§ YOUR INSTRUCTIONS: The job is to output exactly the lines that run from the start of the entries through the line containing "11.Hanmei,Lou,Hongbing,Cai,Xin,Huang et al.Cadonilimab", pictures omitted.

§ AVAILABLE DATA:
--- --- ---
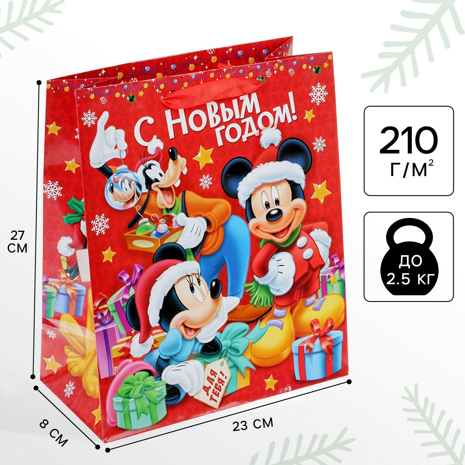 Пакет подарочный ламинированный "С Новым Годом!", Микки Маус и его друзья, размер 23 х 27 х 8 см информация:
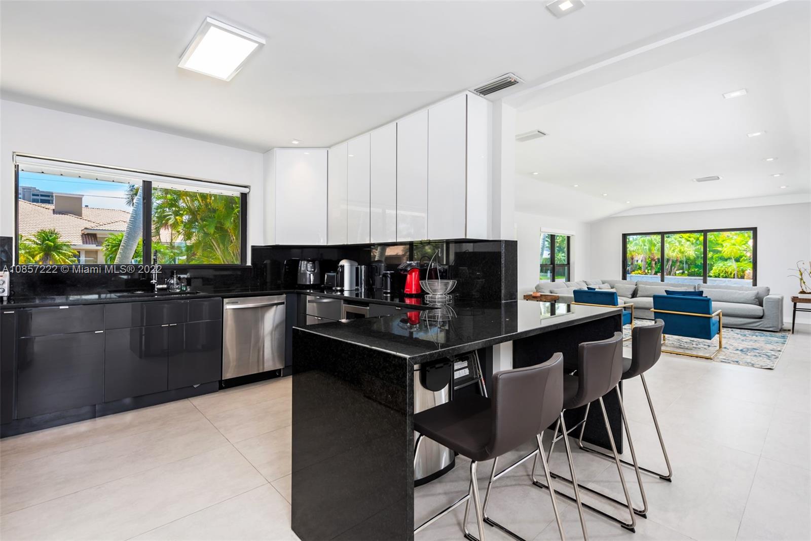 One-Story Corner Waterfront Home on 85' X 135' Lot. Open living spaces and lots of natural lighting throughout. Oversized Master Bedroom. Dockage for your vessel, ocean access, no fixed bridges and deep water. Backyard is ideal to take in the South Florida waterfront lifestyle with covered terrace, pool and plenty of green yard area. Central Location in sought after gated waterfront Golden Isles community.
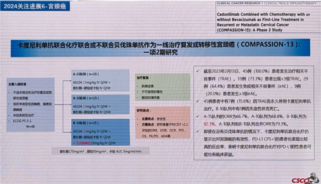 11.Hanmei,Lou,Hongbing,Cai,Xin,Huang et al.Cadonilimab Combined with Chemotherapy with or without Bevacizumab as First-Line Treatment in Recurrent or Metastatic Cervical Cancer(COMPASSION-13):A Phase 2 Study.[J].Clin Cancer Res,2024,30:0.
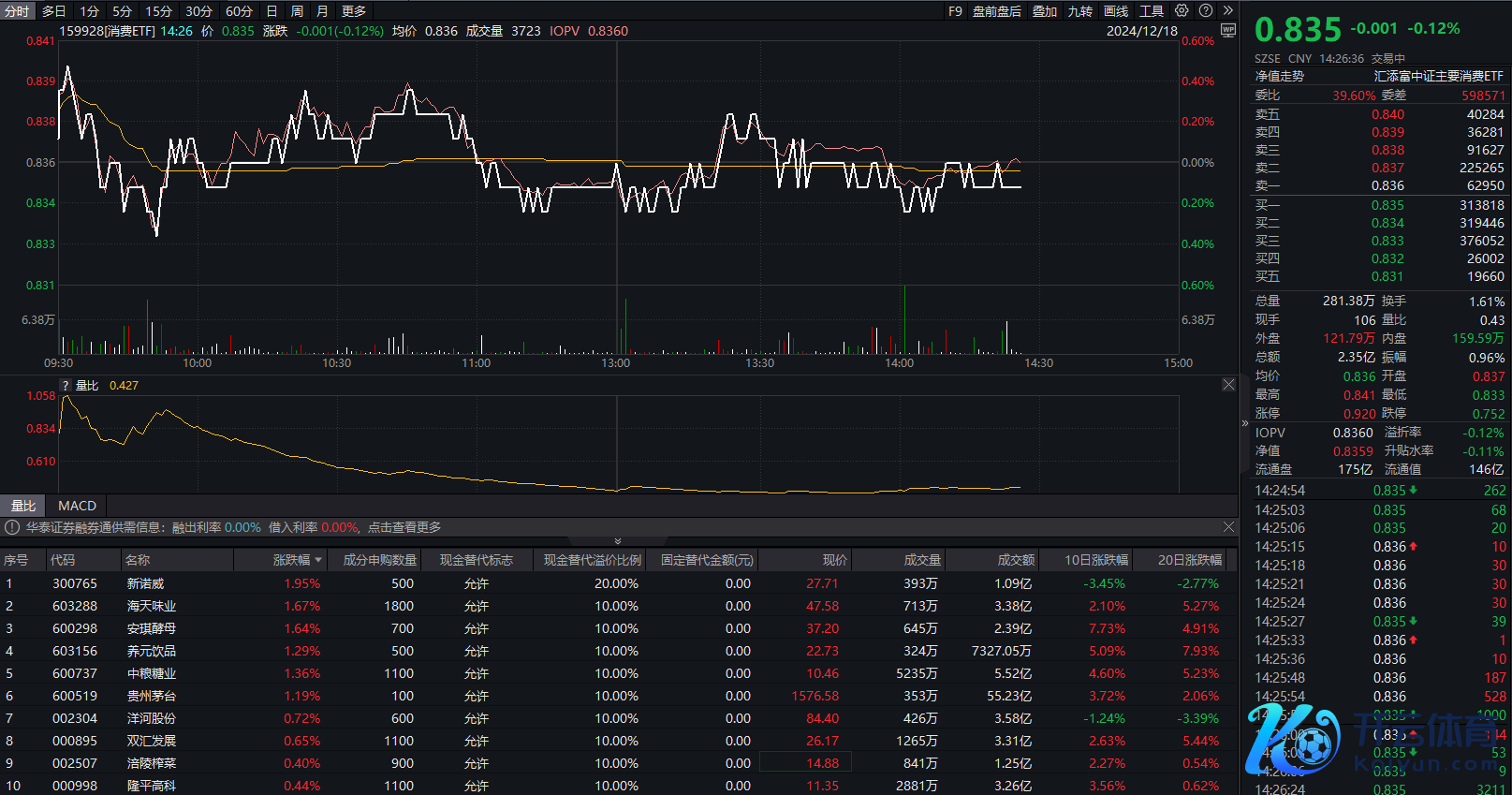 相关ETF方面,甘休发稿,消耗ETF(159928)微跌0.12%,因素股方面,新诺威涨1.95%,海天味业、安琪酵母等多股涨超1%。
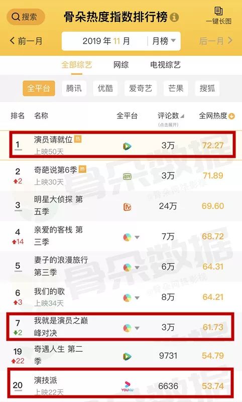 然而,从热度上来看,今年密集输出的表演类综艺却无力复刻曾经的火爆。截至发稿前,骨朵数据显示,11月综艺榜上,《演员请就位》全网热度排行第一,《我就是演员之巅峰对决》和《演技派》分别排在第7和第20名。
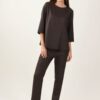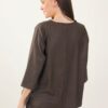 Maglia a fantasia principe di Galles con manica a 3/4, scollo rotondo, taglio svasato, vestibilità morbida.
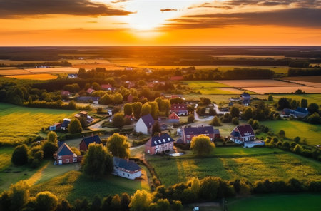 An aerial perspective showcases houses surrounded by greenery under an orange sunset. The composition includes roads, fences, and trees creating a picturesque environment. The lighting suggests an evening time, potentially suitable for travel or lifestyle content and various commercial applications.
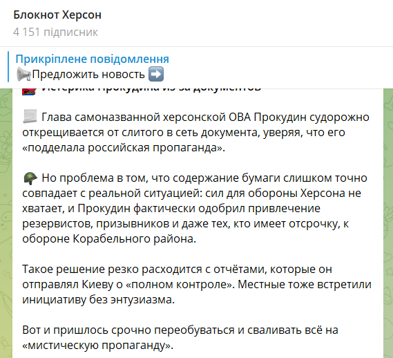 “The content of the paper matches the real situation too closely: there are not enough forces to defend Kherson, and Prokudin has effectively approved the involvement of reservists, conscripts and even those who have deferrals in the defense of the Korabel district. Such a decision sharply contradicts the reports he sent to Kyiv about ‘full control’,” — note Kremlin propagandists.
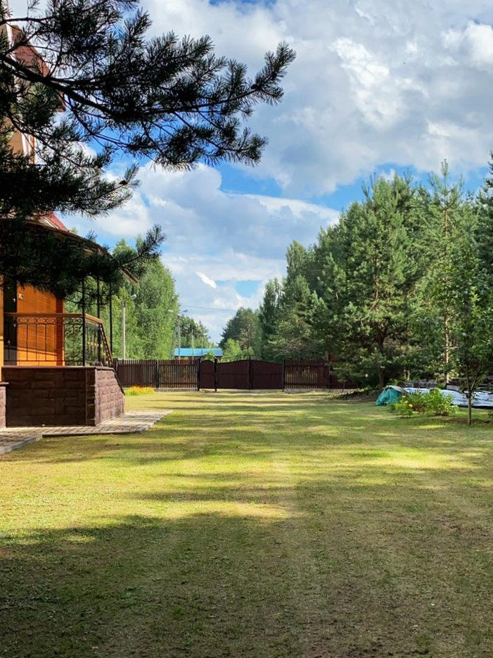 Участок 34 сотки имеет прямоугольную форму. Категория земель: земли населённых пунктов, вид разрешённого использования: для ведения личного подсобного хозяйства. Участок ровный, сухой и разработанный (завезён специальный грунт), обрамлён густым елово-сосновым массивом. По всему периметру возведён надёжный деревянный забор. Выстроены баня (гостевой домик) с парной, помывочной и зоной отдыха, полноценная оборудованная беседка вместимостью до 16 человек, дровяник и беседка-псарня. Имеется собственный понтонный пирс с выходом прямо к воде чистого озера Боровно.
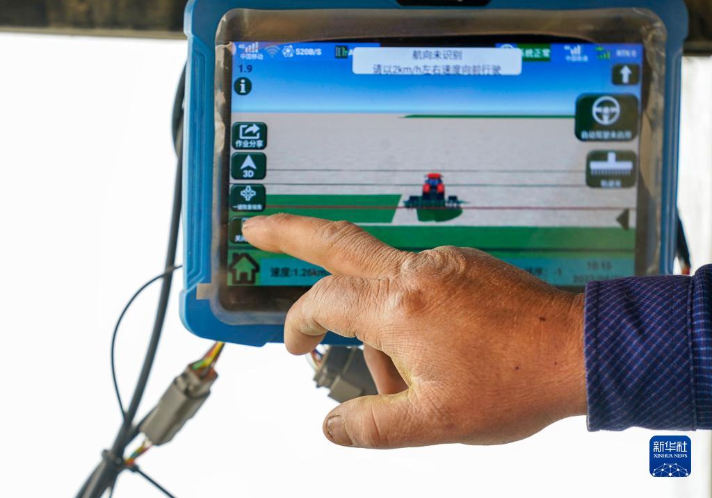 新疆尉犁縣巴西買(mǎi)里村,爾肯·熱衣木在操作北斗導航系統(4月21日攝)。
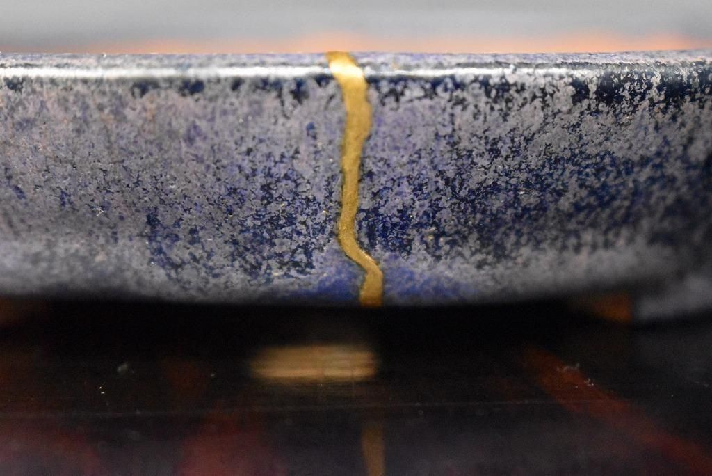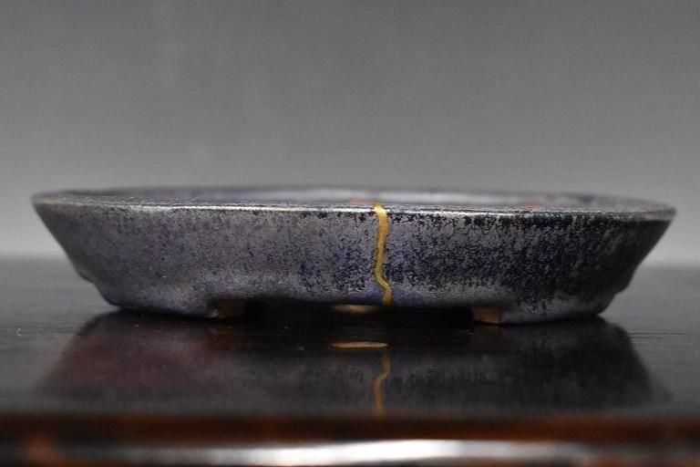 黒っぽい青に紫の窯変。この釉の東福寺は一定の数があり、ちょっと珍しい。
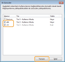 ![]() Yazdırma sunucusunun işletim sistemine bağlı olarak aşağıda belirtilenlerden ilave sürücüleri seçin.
--- --- ---
§ SOLUTION TO THIS PROBLEM:
 Пакет подарочный ламинированный "С Новым Годом!", Микки Маус и его друзья, размер 23 х 27 х 8 см информация:
 One-Story Corner Waterfront Home on 85' X 135' Lot. Open living spaces and lots of natural lighting throughout. Oversized Master Bedroom. Dockage for your vessel, ocean access, no fixed bridges and deep water. Backyard is ideal to take in the South Florida waterfront lifestyle with covered terrace, pool and plenty of green yard area. Central Location in sought after gated waterfront Golden Isles community.
 11.Hanmei,Lou,Hongbing,Cai,Xin,Huang et al.Cadonilimab Combined with Chemotherapy with or without Bevacizumab as First-Line Treatment in Recurrent or Metastatic Cervical Cancer(COMPASSION-13):A Phase 2 Study.[J].Clin Cancer Res,2024,30:0.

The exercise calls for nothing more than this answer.